* **PROBLEM TO SOLVE**
Taking the entries below, transcribe only the lines starting with the one with "Color: black Material: Plastic" and going on through the one with "This kate spade", exactly as written, without the pictures.

* **SUPPLIED DATA**
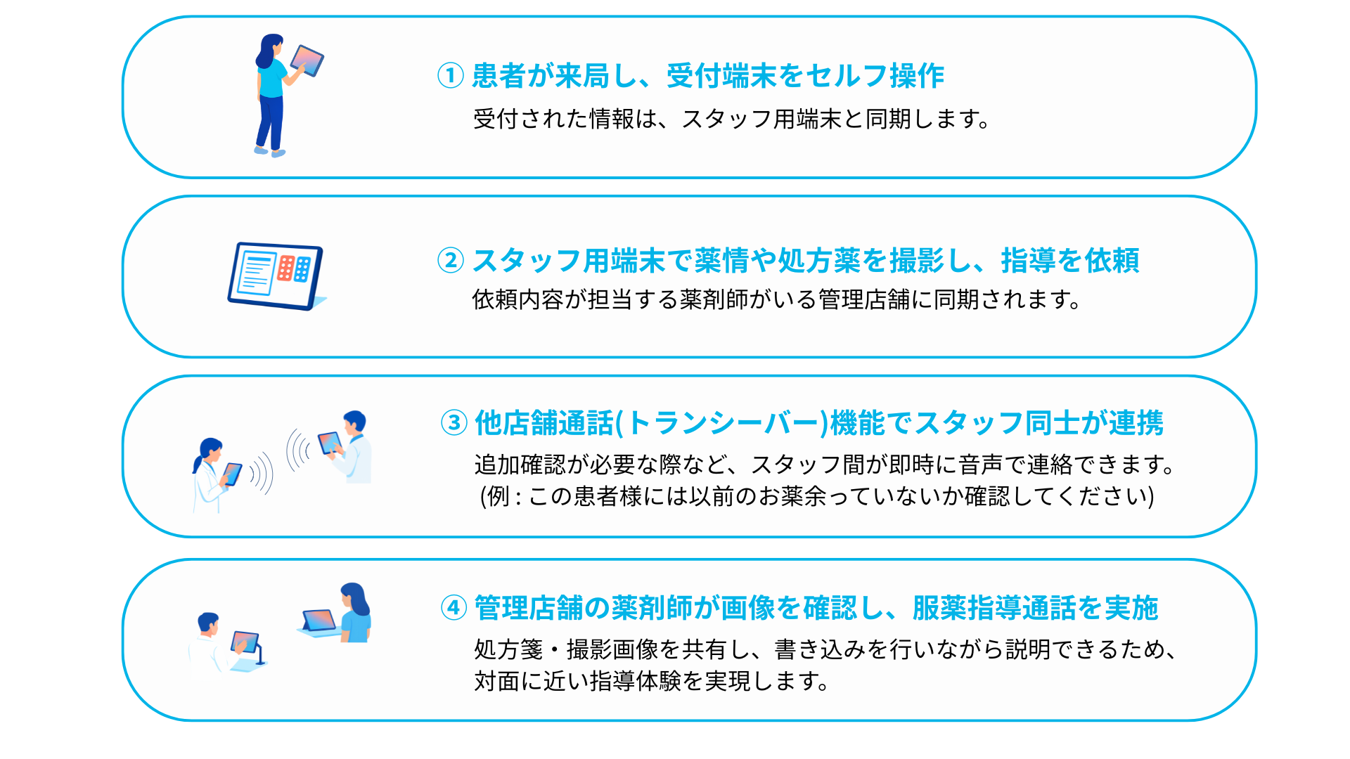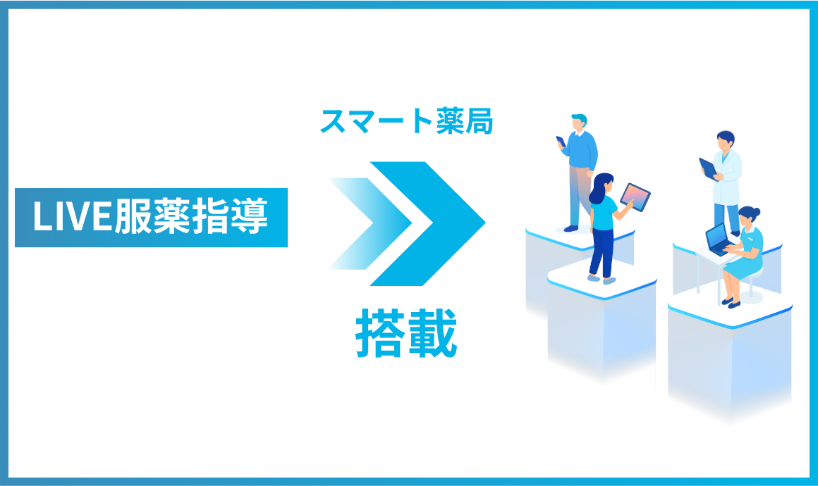 今回新たに加わった「LIVE服薬指導」により、店舗間をつないで薬剤師が服薬指導を行うことができ、来局した患者は、受渡店舗内に設置された端末から通話に参加して従来と同じ感覚で説明を受けることができます。
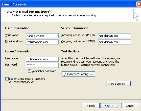 4- İnternet E-mail Settings penceresinde, gerekli alanları doldurup More Settings 'e tıklayın. Hesap ve sunucu bilgileri size ayrıca gönderilecektir.
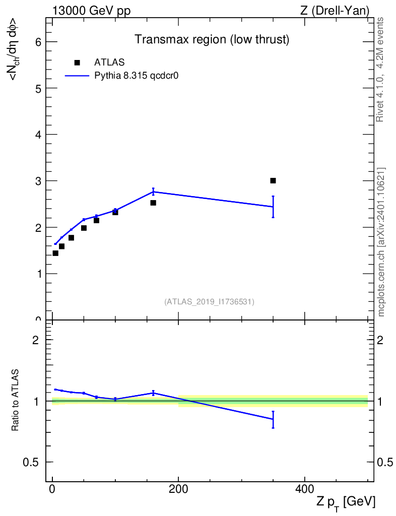 Lines: data, pythia8 8.315 qcdcr0 |
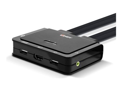Le commutateur KVM 2 ports HDMI 2.0, USB 2.0 & Audio de LINDY est une solution compacte permettant d'accéder à deux ordinateurs équipés de la technologie HDMI et de les contrôler à partir d'un seul clavier, d'une souris et d'un moniteur. Grâce aux câbles intégrés, ce commutateur peut être facilement connecté directement au système, sans avoir à acheter de câbles supplémentaires et à gagner du temps sur l'installation.La prise en charge de résolutions jusqu'à 4K Ultra HD 60Hz garantit une qualité d'image optimale, idéale pour les contenus graphiques de haut niveau dans les configurations de jeu, le montage vidéo ou les stations de travail à double système. Le port de sortie audio permet également aux utilisateurs de connecter un casque ou un haut-parleur pour ajouter un son stéréo immersif et un microphone, tandis que des périphériques USB supplémentaires peuvent être intégrés à un concentrateur USB.Le commutateur KVM propose plusieurs options de commutation, notamment via contrôle par bouton poussoir (avec un câble de 1.5m), raccourcis clavier ou commutation logicielle pour fournir un contrôle simple et fiable aux utilisateurs, qu'ils soient professionnels ou novices. Veuillez noter: ce switch KVM peut être utilisé avec des ordinateurs équipés en DisplayPort ou Mini-DisplayPort en utilisant des convertisseurs DisplayPort vers HDMI ou Mini-DisplayPort vers HDMI.
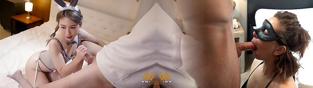 Asian sweetie Annie sucks delicious cock before riding her stud on top
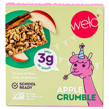 Ingredients: Whole Grain Rolled Oats, Whole Grain Brown Rice Crisps, Brown Rice Syrup, Sunflower Seed Butter, Vegetable Glycerin, Dried Diced Apples, Chicory Root Fibre, Dates, Sunflower Oil, Natural Flavor, Sea Salt, Cinnamon, Probiotic Cultures (Bacillus Subtilis De111).
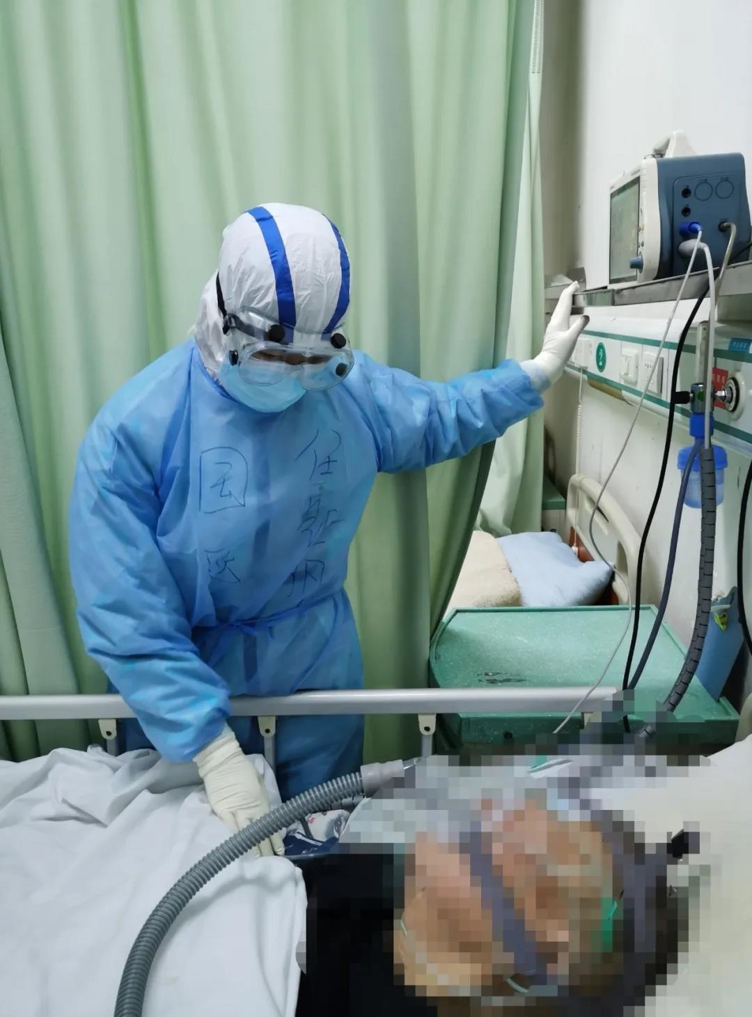 凌晨1點(diǎn)多,一位84歲的老人,確診為陽(yáng)性,無(wú)尿,四肢冰冷,使用呼吸機(jī)。我們迅速補(bǔ)液,并用手套自制的暖水袋給予保暖,同時(shí)不停地喊著:“爺爺,爺爺,不能放棄,加油,我們陪在你的身邊,一起和病毒做斗爭(zhēng)!”他好像能聽(tīng)得見(jiàn)我們說(shuō)話(huà),微微地動(dòng)了一下頭,眼角濕潤(rùn)了。
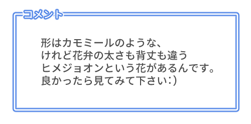 ロレッタ 「あ、本当だ。でも、これ ハルジオンと間違えているような…? 判別が難しすぎる…」 |
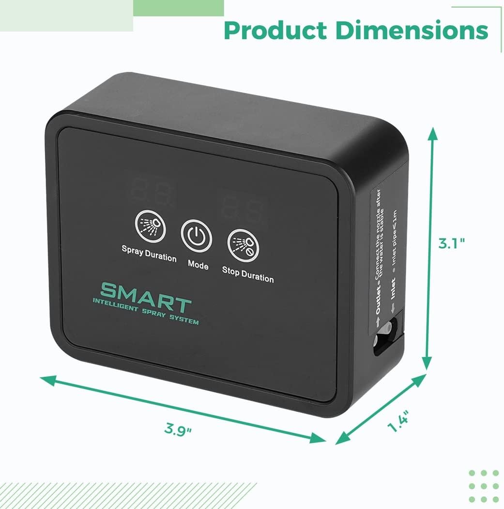 Color: black Material: Plastic Size: 3.1"x3.9"x1.4" Package Includes: 1pc * Smart Timer 1pc * 5V USB Charger 2pcs * Nozzles 1pc * 16Ft Pipe 1pc * Pipe Cutter 1pc * Suction Filter 1pc * T-connector 1pc * L-connector 5pcs * R-clamps 2pcs * Pipe Plugs 5pcs * Cable Ties 1pc * Manual Note: - Please refer to the measurement. Tiny measuring error is allowable in normal range. - There might be a little color difference due to the monitor, camera or other factors, please refer to the physical item.
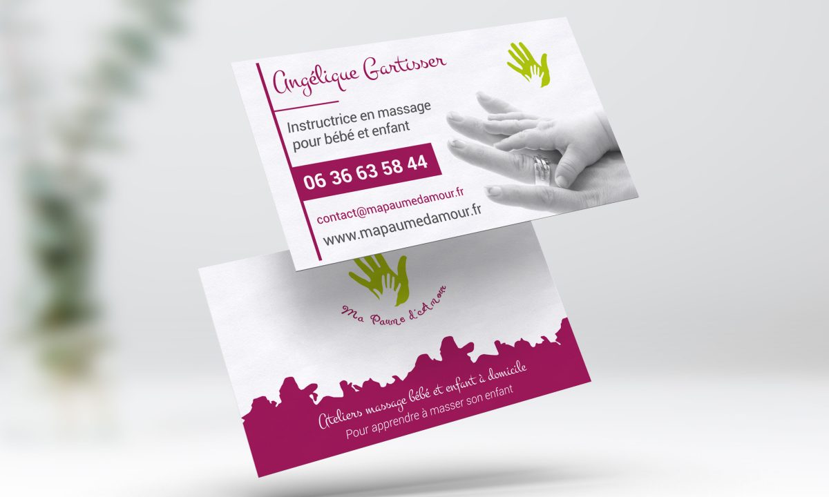 Ma Paume d’Amour propose des ateliers à domicile pour apprendre à masser son bébé ou son enfant entre Toul et Nancy, Meurthe-et-Moselle. Le but cette carte de visite reste le même qu’il y a 10 ans : se faire connaître et trouver de nouveaux clients. La carte de visite sera distribuée en main propre aux parents ou déposée chez des partenaires.
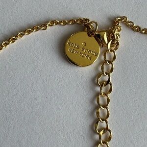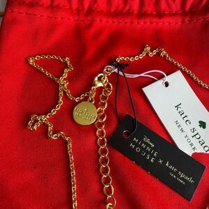 This kate spade necklace features a sophisticated gold chain paired with a glossy Minnie Mouse pendant. The minimalist design exudes elegance, making it a versatile addition to any jewelry collection.
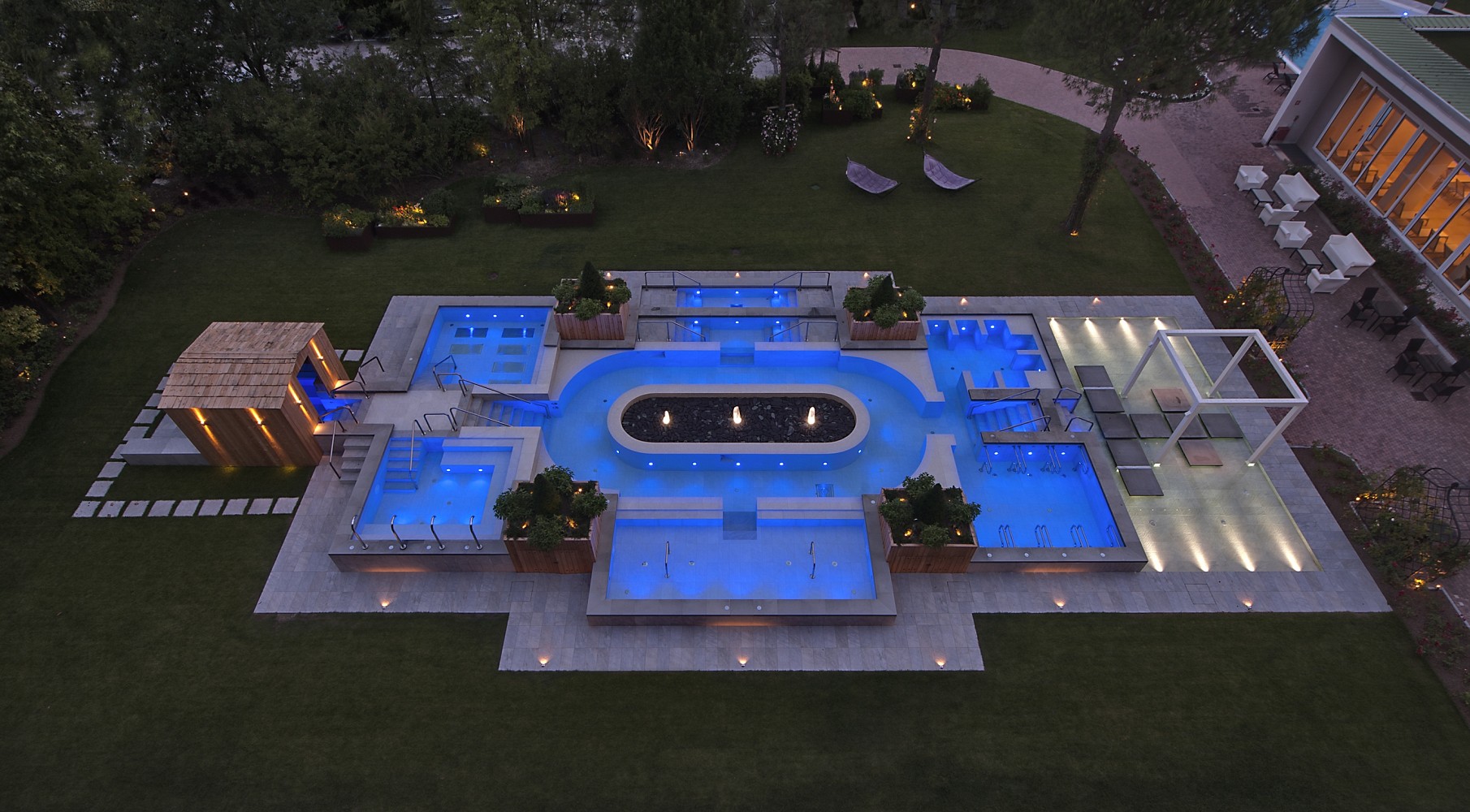 Пять термальных бассейнов с различной температурой (более 1000 м2 поверхности воды) могут удовлетворить любые потребности: развлечение, спорт, релакс, лечение, послетравматическое восстановление работоспособности.
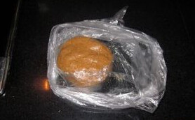 5. 放入冰箱冷藏1个小时后擀面杖擀开成厚的片
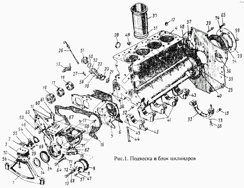 Графический каталог запасных частей к технике: ММЗ Д-242. Подвеска и блок цилиндров

* **WRITTEN RESPONSE**
 Color: black Material: Plastic Size: 3.1"x3.9"x1.4" Package Includes: 1pc * Smart Timer 1pc * 5V USB Charger 2pcs * Nozzles 1pc * 16Ft Pipe 1pc * Pipe Cutter 1pc * Suction Filter 1pc * T-connector 1pc * L-connector 5pcs * R-clamps 2pcs * Pipe Plugs 5pcs * Cable Ties 1pc * Manual Note: - Please refer to the measurement. Tiny measuring error is allowable in normal range. - There might be a little color difference due to the monitor, camera or other factors, please refer to the physical item.
 Ma Paume d’Amour propose des ateliers à domicile pour apprendre à masser son bébé ou son enfant entre Toul et Nancy, Meurthe-et-Moselle. Le but cette carte de visite reste le même qu’il y a 10 ans : se faire connaître et trouver de nouveaux clients. La carte de visite sera distribuée en main propre aux parents ou déposée chez des partenaires.
 This kate spade necklace features a sophisticated gold chain paired with a glossy Minnie Mouse pendant. The minimalist design exudes elegance, making it a versatile addition to any jewelry collection.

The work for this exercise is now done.